Speaker
Description
Helium nanodroplets are quantum fluid clusters that feature extraordinary properties such as ultralow temperature and superfluidity. They have mostly been used as inert nanometer-sized cryo-matrices for isolating molecules and for aggregating molecular complexes and nanostructures that are hard or impossible to form by other means. However, when helium nanodroplets are resonantly excited or photoionized, they turn into a highly reactive species that feature a complex reaction dynamics.
In this contribution I’ll present experiments probing the ultrafast dynamics of pure and doped helium nanodroplets initiated by resonant photoexcitation and ionization of the helium droplets. Using synchrotron radiation, free-electron lasers and high-harmonic generation sources, we track ultrafast relaxation processes such as internal conversion, bubble formation, as well as energy- and charge-transfer ionization between (super-)excited helium atoms and between helium atoms and attached dopant atoms and molecules [1-5]. In particular, interatomic Coulombic decay (ICD) processes prevail nearly in the entire extreme-ultraviolet range of the spectrum [6-12]. ICD is initiated by resonant single or double excitation [6,7], simultaneous ionization and excitation [8], and indirectly by photoelectron impact excitation [9,10]. By forming tailored complexes in helium nanodroplets, their ionization and fragmentation dynamics can be studied under controlled conditions [12,13].
References
[1] C. Medina et al., New Journal of Physics 25, 053030 (2023).
[2] A. C. LaForge et al., PCCP 24, 28844-28852 (2022).
[3] J. D. Asmussen et al., J. Phys. Chem. Lett. 13, 4470–4478 (2022).

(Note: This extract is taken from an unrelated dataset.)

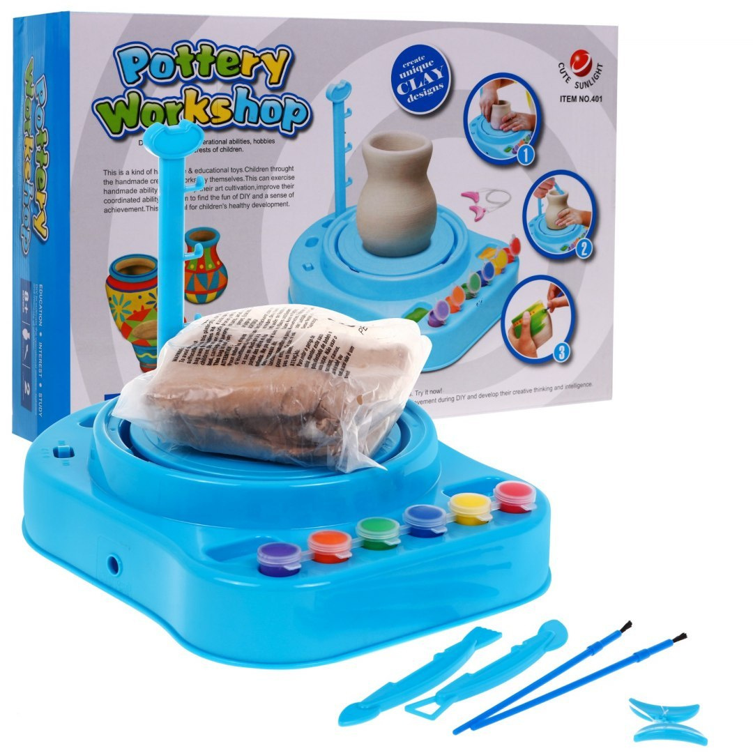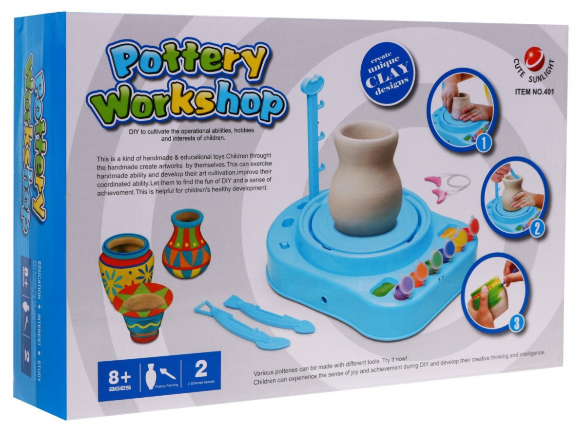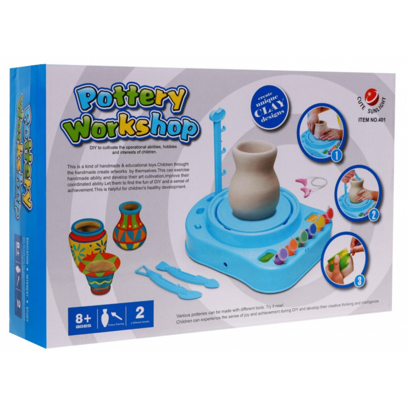 | | Sada malého hrnčíře je vzdělávací hračka pro vlastní výrobu a malování keramických nádob. Dítě si může vyrobit vlastní hrnce, hrnečky nebo džbány a poté je ozdobit barvami podle vlastních představ. Hrnčířský kruh se otáčí dvěma rychlostmi, pomaleji a rychleji. Hračka stimuluje představivost, rozvíjí zručnost, manuální a výtvarné dovednosti. Hračka je vhodná pro děti od 8 let a je certifikována CE. Hračka je napájena 3 bateriemi R14 (nejsou součástí balení). |

[4] A. C. LaForge et al., Phys. Rev. X 11, 021011 (2021).
[5] J. D. Asmussen et al., J Chem. Phys. 159, 034301 (2023).
[6] L. Ben Ltaief et al., Phys. Rev. Research 6, 013019 (2024).

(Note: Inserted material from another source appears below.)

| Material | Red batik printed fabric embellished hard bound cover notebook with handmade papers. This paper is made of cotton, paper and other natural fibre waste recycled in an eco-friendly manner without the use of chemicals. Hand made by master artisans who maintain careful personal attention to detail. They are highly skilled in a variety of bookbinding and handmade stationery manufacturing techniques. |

[7] B. Bastian et al., Phys. Rev. Lett. 132, 233001 (2024).
[8] M. Shcherbinin et al., Phys. Rev. A 96, 013407 (2017).
[9] L. Ben Ltaief et al., Phys. Rev. Lett. 131, 023001 (2023).
[10] L. Ben Ltaief et al., Rep. Prog. Phys. 88, 037901 (2025).
[11] A. C. LaForge et al., Rep. Prog. Phys. 87, 126402 (2024).
[12] J. D. Asmussen et al., PCCP 25, 24819 – 24828 (2023).
[13] S. De et al., J. Chem. Phys. 160, 094308 (2024).